The rotation of cutter shaft is converted into the swing of cutter relative to workpiece, first makes cutter opposite piece be rotated counterclockwise C angle around Z axis, then make cutter opposite piece rotate to be B angle around Y-axis;

When , time, ;

When time, ;

When time, ;

When time, ;

When time, ;

When time, ;

When time, ;

(3.3.3) position of cutter heart Co after workpiece rotates in lathe coordinate system OrXYZ is determined, the coordinates of motion X of lathe, Y, Z;

The transformation matrix that cutter spacing moves to lathe coordinate system OrXYZ from workpiece coordinate system OwXYZ is

；

Workpiece rotates-C angle around Z axis, and transformation matrix is

；

=(Xco, Yco, Zco 1) T1 T2 can be obtained (X, Y, Z, 1)

Launched:

；

(X, Y, Z) cutter location coordinate figure for providing in actual processing.

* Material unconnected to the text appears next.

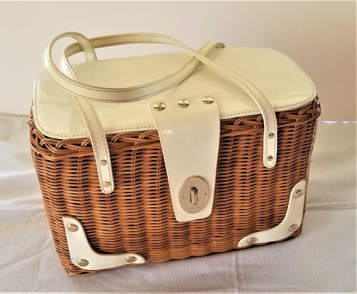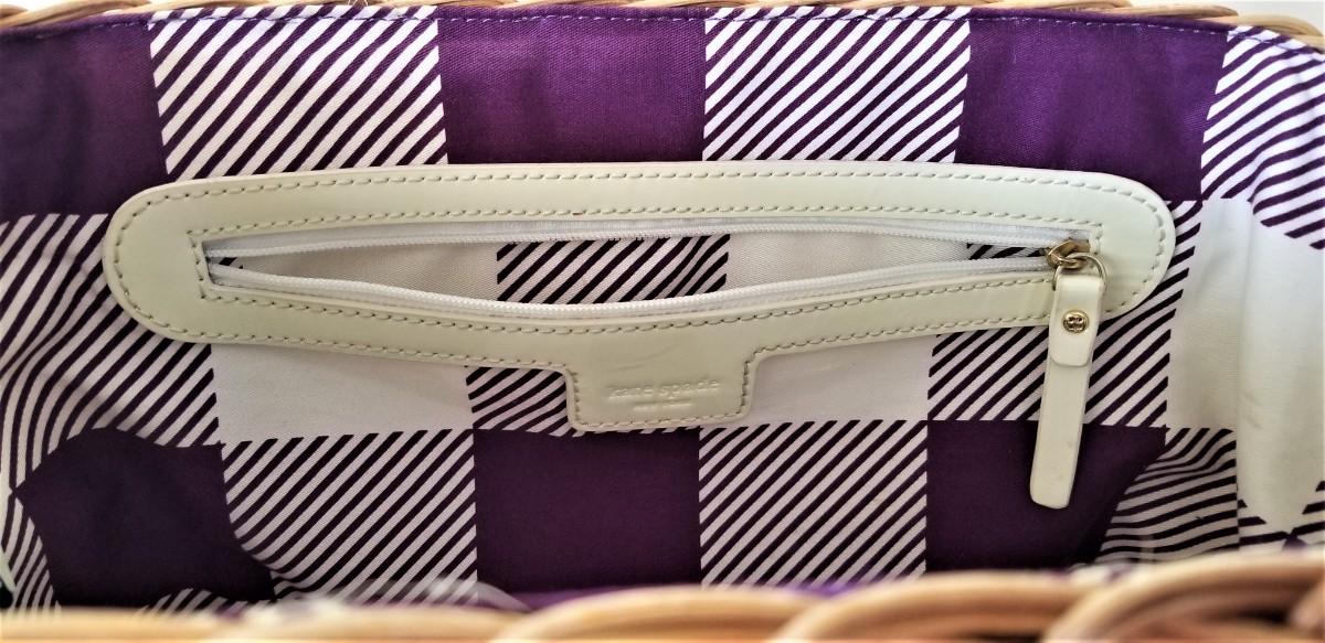 Only gently used - KATE SPADE basket purse, Ivory colored accents, 7.5" tall (not including strap), 11.5" across, 5.5" deep. SO CUTE!

2., as claimed in claim 1 without the cutting method of bracket invisible orthotic device, it is characterized in that: in step 1), the generation step of cutting track curve comprises:

(1.1) select the contact point of tooth corona and gingiva, according to corona and gingiva border naturally move towards sort, generation sorted points;

(1.2) Laplace algorithm is adopted to carry out fairing to sorted points;

(1.3) sorted points between adjacent two gingival papilla is fitted to B-spline curves;

(1.4) eliminate the sharpened areas at gingival papilla summit place, adopt lead angle algorithm, level and smooth gingival papilla region;

(1.5) line smoothing that all B-spline curves and lead angle generate is spliced into B-spline curves, splicing ensures that curve is continuous, thus obtains cutting track curve.

3. as claimed in claim 2 without the cutting method of bracket invisible orthotic device, it is characterized in that: when tool motion, on the basis of the Five-axis NC Machining Center Tool route obtained in step 3) by cutter, to the direction away from appliance, cutter is departed from the distance of a tool radius.